The Senator said it was, for her, “as hard a choice, probably as close a call as any that I can ever remember.”
“I hope and I pray that we don’t find ourselves in this situation again. But I’m worried. I am really worried that this becomes the new normal, where we find new and even more creative ways to tear one another down,” she said.
In the end, what swayed Senator Murkowski — and seems to have been overlooked by too many others who were focused more on the he said/she said (not unimportant, but also not the only issue at hand and at stake) — was this:
The (U.S.) Code of Judicial Conduct Rule 1.2 requires that a judge ‘act at all times in a manner that promotes public confidence in the independence, integrity, and impartiality of the judiciary, and shall avoid impropriety and the appearance of impropriety.’
She cited her deep and genuine concern about the long-decreasing public confidence in the Executive Branch and Senate/Congress, and the decreasing confidence in the Supreme Court’s ability to be a neutral and vital “check and balance” on Executive and Legislative overstep (it is a representative democracy, not a monarchy or totalitarian regime).
(The latter, decreasing confidence in the impartiality of the Supreme Court, is also something about which Chief Justice Roberts, also a Republican-administration appointee, has expressed concern. Read perspectives here and here.)
In ending her comments, Senator Murkowski said,
“I truly hope that we can be at that place where we can move forward in a manner that shows greater respect, greater comity. We owe it to the people of America to return to a less rancorous process. In the spirit of that comity, and again while I voted no on cloture today, and I will be a no tomorrow.”
In extending a courtesy in the procedural aspect of her vote, in which she agreed to vote ‘present’ rather than ‘no’, she emphasized, “I do hope that it reminds us that we can take very small, very small steps to be gracious with one another and maybe those small, gracious steps can lead to more.”

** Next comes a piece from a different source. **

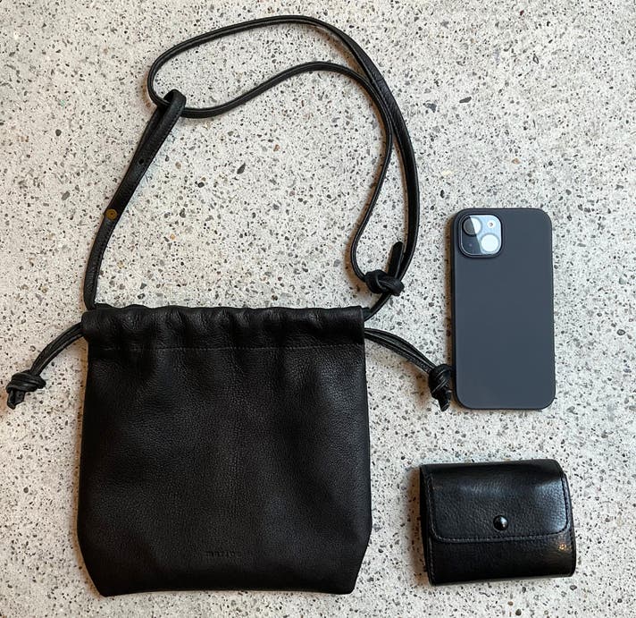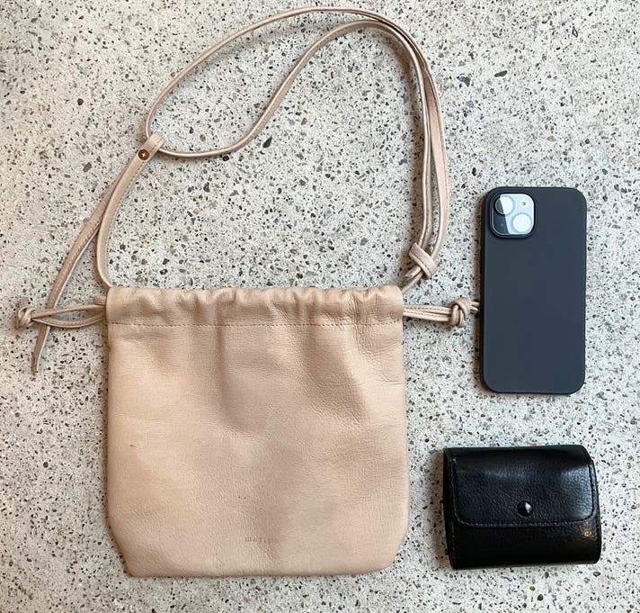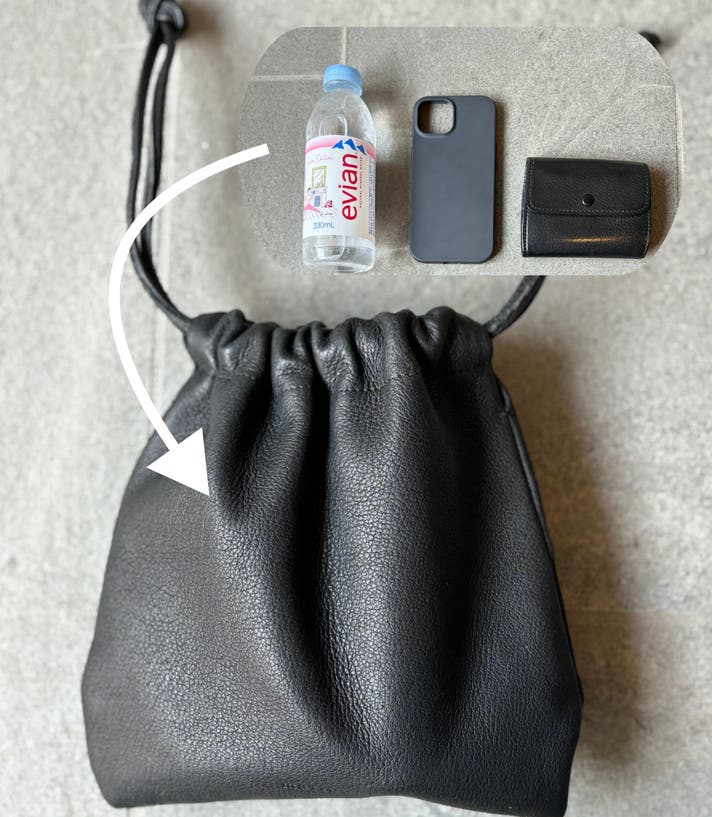 ついつい色んなものを入れてパンパンになってバッグが重くなったりしまいがちですがこの4way巾着バッグはスマホ、財布など最低限の必需品が綺麗に収まるので余計なものは入れたくないサイズ感。

You can read and see/hear her comments here – it’s a good, seemingly balanced article about her decision, among the many others.
I also watched various other news vids, read articles, listened to various comments, some of which seemed similarly thoughtful and offered actual helpful, balanced information — like the speech/comments of Senator Susan Collins, also a Republican, from Maine.
(Interestingly, Senator Collins’ speech started at 3:00 p.m. Eastern U.S. time, and at 3:05 p.m., Venus, one astro-symbol of the Feminine, was officially stationed Retrograde, amidst a backdrop of Uranus and Saturn creating a Grand Earth Trine with the fixed star Regulus, all astro-harbingers relating to the Feminine, on Earth. Perhaps more musings on that astro-sync later.)
For now, back to the illuminating examples of these two U.S. senators, women both.
I, personally, found the perspective and the particular examples that Senator Collins shared in her speech very informative, and refreshing amidst the sea of more extremist and shrill communiques from the various ‘far sides’, though my personal perspective in this instance is more aligned with Senator Murkowski’s.
Both women are a credit to the Senate with their thoughtfulness, soberness, dignity (and respect for others’ dignity), compassion, and intelligence — actually seeming to ‘get’ that there’s a lot more at stake here other than an orgy of greed, power-plays, and seeking purely Party-specific (vs. country and whole-populace-specific) agendas.
May there be more leaders akin to Senators Murkowski and Collins, and may the prayers and hopes, the dignified example, the potent reminder and invitation extended by Senator Lisa Murkowski of Alaska, be much more strongly championed, and more whole-heartedly accepted and acted-upon.
The whole vulgar hate-fest, with way too many and too frequent comments designed to antagonize, divide, bully, provoke, mislead, and derail, isn’t just getting really, really tired. It’s actually dangerous, with consequences that are harmful to all of us, no matter what supposed ‘party’ we affiliate with.